EXERCISE DESCRIPTION: Could you restate word for word every line of the records below, from the first one to the one holding "Log-Spectral Convergence comparison"?
** Opening DATA FOR REVIEW block **
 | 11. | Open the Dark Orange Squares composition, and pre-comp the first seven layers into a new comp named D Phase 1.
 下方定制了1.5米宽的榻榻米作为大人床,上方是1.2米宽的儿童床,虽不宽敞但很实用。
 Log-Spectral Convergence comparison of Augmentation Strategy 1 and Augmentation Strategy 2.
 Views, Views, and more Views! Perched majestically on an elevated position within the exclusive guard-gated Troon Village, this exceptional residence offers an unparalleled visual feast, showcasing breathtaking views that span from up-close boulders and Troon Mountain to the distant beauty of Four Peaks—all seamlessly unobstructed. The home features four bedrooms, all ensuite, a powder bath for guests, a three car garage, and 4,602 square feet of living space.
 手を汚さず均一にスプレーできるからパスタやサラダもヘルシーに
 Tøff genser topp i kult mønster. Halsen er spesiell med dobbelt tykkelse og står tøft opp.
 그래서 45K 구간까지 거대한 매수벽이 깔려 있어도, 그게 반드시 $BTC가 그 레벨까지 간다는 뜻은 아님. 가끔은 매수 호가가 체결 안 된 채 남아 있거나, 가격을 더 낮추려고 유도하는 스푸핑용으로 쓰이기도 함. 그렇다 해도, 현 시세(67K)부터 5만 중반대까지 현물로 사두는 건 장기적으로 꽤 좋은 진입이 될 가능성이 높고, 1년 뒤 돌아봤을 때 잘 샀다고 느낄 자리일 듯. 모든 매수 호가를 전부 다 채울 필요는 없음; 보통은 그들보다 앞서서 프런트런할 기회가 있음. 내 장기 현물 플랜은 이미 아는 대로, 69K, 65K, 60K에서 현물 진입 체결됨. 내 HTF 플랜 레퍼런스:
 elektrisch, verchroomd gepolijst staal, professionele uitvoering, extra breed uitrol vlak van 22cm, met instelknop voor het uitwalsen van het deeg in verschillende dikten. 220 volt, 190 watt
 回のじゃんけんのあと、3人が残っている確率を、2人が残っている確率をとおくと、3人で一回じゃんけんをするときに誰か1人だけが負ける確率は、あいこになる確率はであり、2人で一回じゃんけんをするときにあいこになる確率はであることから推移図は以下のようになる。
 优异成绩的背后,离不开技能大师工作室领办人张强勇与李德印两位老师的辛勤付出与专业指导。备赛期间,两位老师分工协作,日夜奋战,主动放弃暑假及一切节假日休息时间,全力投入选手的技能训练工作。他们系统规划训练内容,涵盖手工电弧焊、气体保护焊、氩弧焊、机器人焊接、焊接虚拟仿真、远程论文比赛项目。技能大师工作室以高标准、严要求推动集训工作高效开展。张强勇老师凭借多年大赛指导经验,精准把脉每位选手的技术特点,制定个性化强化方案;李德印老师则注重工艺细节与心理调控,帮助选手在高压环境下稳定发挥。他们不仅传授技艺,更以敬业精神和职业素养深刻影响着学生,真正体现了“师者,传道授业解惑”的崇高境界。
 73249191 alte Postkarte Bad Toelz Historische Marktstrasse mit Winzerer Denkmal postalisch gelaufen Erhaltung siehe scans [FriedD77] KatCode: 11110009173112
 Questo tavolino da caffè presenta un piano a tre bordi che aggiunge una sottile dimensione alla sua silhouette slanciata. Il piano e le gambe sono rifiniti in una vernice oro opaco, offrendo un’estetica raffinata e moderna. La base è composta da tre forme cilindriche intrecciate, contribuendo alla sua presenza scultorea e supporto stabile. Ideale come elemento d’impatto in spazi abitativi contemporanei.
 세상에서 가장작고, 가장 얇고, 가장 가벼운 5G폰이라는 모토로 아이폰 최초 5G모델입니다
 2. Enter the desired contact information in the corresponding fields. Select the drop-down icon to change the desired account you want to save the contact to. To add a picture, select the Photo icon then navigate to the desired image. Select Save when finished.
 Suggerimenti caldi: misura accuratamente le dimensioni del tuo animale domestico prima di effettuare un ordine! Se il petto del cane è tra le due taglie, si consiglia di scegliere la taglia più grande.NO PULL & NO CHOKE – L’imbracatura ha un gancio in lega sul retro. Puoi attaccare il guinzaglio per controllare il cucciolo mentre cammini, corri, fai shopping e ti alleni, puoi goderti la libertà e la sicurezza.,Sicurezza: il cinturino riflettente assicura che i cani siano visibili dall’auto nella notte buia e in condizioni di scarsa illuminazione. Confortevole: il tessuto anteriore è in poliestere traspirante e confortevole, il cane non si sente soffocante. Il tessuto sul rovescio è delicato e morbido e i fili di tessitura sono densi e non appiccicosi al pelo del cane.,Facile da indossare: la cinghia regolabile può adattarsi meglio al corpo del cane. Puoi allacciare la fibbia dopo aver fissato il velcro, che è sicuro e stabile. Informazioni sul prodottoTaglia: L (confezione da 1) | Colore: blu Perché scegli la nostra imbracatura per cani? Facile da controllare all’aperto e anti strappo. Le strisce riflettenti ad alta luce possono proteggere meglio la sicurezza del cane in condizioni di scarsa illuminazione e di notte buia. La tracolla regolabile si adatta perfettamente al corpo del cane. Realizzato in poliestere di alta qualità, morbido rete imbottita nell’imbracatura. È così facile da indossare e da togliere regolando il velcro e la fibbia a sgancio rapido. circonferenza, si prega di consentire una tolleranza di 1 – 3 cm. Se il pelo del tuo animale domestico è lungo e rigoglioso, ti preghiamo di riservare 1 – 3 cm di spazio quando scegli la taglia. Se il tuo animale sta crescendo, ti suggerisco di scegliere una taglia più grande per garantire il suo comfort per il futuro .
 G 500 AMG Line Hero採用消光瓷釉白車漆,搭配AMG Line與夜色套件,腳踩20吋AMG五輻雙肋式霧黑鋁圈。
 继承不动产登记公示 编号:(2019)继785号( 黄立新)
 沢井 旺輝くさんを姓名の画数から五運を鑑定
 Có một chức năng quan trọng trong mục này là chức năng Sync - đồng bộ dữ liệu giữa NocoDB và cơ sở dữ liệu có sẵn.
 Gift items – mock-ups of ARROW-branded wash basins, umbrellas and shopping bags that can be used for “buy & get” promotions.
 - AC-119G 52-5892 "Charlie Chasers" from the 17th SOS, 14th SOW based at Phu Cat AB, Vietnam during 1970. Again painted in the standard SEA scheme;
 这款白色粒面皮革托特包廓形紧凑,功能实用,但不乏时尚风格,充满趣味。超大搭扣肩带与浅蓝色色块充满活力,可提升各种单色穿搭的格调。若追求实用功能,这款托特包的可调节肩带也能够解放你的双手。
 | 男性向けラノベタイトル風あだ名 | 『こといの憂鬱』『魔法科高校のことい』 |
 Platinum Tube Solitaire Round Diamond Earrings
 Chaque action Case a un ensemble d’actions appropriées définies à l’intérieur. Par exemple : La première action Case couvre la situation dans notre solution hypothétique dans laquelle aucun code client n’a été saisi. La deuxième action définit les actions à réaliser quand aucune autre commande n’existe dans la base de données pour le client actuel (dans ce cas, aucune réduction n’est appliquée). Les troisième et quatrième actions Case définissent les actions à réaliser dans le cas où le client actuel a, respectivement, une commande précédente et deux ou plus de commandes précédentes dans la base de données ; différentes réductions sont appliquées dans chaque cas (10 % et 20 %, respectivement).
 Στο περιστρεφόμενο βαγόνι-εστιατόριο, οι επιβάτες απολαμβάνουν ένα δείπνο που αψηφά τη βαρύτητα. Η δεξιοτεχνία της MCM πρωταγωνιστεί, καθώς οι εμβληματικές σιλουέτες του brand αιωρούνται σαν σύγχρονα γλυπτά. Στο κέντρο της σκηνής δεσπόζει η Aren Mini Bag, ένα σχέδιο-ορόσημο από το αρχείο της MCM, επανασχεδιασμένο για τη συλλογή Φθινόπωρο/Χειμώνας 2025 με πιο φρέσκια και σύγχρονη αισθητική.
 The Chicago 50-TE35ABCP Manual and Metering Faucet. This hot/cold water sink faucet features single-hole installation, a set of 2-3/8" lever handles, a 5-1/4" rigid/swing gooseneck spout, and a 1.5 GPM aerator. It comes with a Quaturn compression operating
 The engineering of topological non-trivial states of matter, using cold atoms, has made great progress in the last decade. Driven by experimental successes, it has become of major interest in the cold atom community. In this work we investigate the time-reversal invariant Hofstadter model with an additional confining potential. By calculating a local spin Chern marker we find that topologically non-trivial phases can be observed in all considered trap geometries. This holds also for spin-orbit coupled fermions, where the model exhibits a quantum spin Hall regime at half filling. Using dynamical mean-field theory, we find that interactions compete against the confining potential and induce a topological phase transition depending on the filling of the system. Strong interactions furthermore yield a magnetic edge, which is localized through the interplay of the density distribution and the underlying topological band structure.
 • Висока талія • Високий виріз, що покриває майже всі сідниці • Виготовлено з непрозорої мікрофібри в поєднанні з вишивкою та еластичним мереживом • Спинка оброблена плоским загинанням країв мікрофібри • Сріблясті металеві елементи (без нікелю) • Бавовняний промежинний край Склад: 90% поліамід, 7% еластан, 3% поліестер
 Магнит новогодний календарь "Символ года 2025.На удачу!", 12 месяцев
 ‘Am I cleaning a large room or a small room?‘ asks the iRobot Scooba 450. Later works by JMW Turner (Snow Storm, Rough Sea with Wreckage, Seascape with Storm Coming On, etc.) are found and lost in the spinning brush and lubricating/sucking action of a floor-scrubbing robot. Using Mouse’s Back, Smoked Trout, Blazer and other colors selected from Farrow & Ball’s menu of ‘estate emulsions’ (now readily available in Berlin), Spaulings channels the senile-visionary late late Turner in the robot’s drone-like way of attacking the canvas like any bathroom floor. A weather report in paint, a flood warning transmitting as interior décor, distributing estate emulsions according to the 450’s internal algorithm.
** Closing DATA FOR REVIEW block **
SOLUTION:
 | 11. | Open the Dark Orange Squares composition, and pre-comp the first seven layers into a new comp named D Phase 1.
 下方定制了1.5米宽的榻榻米作为大人床,上方是1.2米宽的儿童床,虽不宽敞但很实用。
 Log-Spectral Convergence comparison of Augmentation Strategy 1 and Augmentation Strategy 2.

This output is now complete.